Objective To investigate the preventive and therapeutic effects of normal mouse serum (NMS) on radiation-induced lung injury (RILI) in mice.

Methods Radiation pneumonitis models were established by whole-lung irradiation with 13 Gy, and radiation-induced fibrosis models were established by right-lung irradiation with 17 Gy in mice. The mice were randomly divided into the control group, the serum group, the irradiation group and the irradiation+serum group by stratified randomization, with 6 mice in each group. Mice in the serum group and irradiation+serum group received intravenous injections of 100 μL of normal mouse serum via the tail vein following irradiation, whereas mice in the control group and irradiation group received 100 μL of normal saline via the same route. Injections were administered every other day for a total of eight times. Tissue and blood samples were collected at 1.5 months and 7 months post-irradiation to evaluate relevant biological indicators. Levels of inflammatory factors in both serum and lung tissue were measured using ELISA kits. Morphological alterations and collagen deposition in lung tissue were assessed using hematoxylin-eosin (H&E) and Masson’s trichrome staining methods. Expression levels of fibrosis-related genes in the lungs were analyzed by qRT-PCR, while the expression levels of corresponding fibrosis-associated proteins were evaluated using immunohistochemistry and Western blot analysis. For statistical comparison, the independent-sample t-test assuming equal variances was applied to normally distributed measurement data between two groups.

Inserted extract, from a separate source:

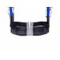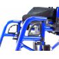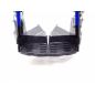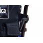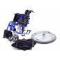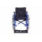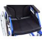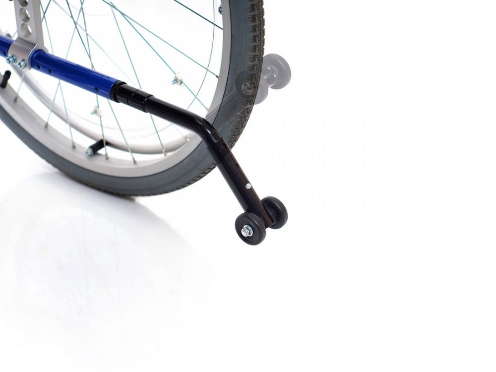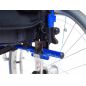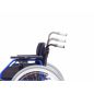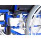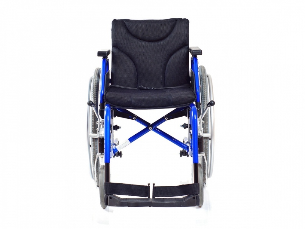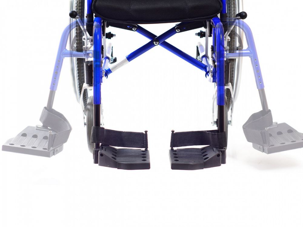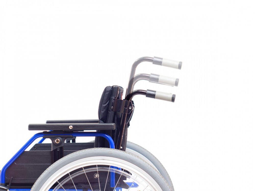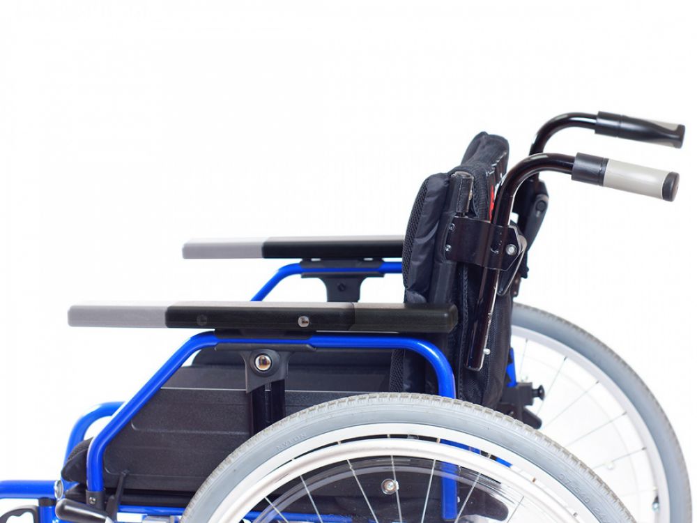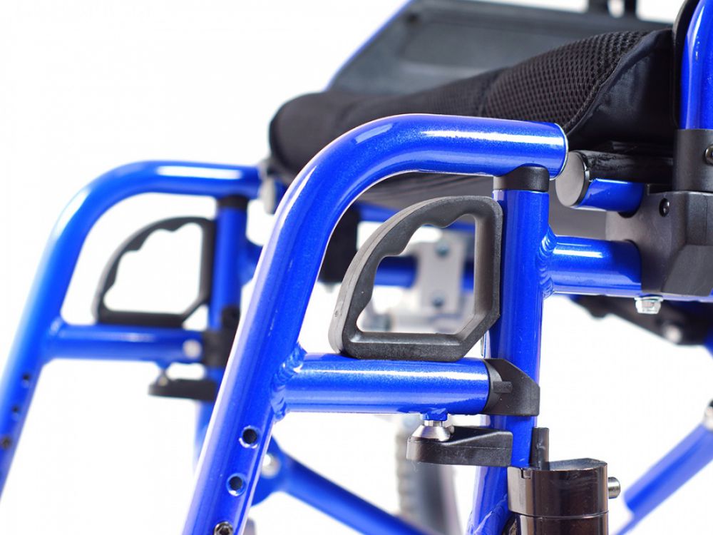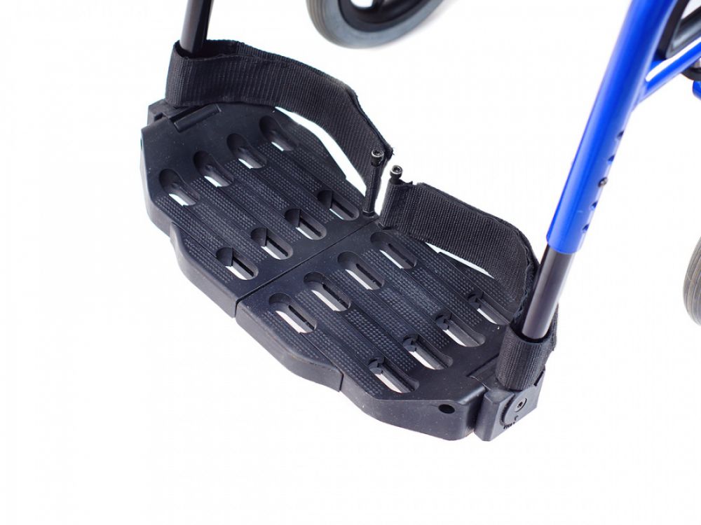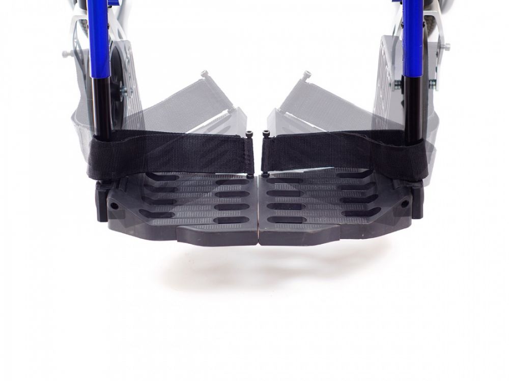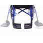 Кресло оборудовано подлокотниками с защитными боковинами, ручками для толкания, откидными подножками с текстильной лентой поддерживающей голени.

Results Compared with the irradiation group, the lung organ coefficient in the irradiation+serum group was significantly reduced (0.649±0.050) vs. (0.766±0.076) 1.5 months after whole-lung irradiation with 13 Gy, and the difference was statistically significant (t=2.626, P<0.05), The pulmonary inflammatory phenotype was ameliorated. The levels of pneumonia-related inflammatory factors TGF-β, TNF-α, IL-1α, and IL-6 in the supernatant of mouse lung tissue were decreased (382.500±24.700 pg/ml) vs. (457.100±46.900 pg/ml), (349.600±41.830 pg/ml) vs. (426.200±56.250 pg/ml), (14.550±0.523 pg/ml) vs. (16.680±1.015 pg/ml), (32.830±3.640 pg/ml) vs. (40.650±4.345 pg/ml) (t=2.667 ~ 3.226, all P<0.05), and the levels of TGF-β, TNF-α, IL-1α, and IL-6 in the serum were also decreased (401.900±53.980 pg/ml) vs. (482.800±41.190 pg/ml), (403.500±39.990 pg/ml) vs. (492.300±38.690 pg/ml), (15.83±1.028 pg/ml) vs. (18.740±2.172 pg/ml), (32.980±3.193 pg/ml) vs. (41.920±2.865 pg/ml) (t=2.464~5.104, all P<0.05). Furthermore, compared with the irradiation group, the pathological manifestations of collagen deposition and morphological alterations in the right lung tissue of the irradiation+serum group were markedly improved 7 months after 17 Gy irradiation. Additionally, the expression levels of fibrosis-related genes, including Mmp2, Fibronectin, Mcp1, TNF-α, Col1a1, and Mmp13 (1.240±0.2449) vs. (1.862±0.456), (2.681±1.115) vs. (5.314±2.022), (1.608±0.283) vs. (3.123±0.573), (1.192±0.352) vs. (1.975±0.365), (1.473±0.677) vs. (2.646±0.551), (1.136±0.475) vs. (2.492±0.444) (t=2.550~5.236, all P<0.05), as well as the expression levels of fibrosis-related proteins Col1a1 and Alpha-SMA (1.433±0.282) vs. (2.732±0.612), (1.220±0.372) vs. (1.888±0.174) (t=3.340, 2.819, all P<0.05), were significantly downregulated.

Conclusions NMS can effectively alleviate the severity of radiation pneumonia and radiation pulmonary fibrosis in mice, demonstrating a certain preventive and therapeutic potential for radiation-induced lung injury. Early intervention during the early phase of radiation pneumonitis may effectively reduce and delay the progression of radiation-induced pulmonary fibrosis.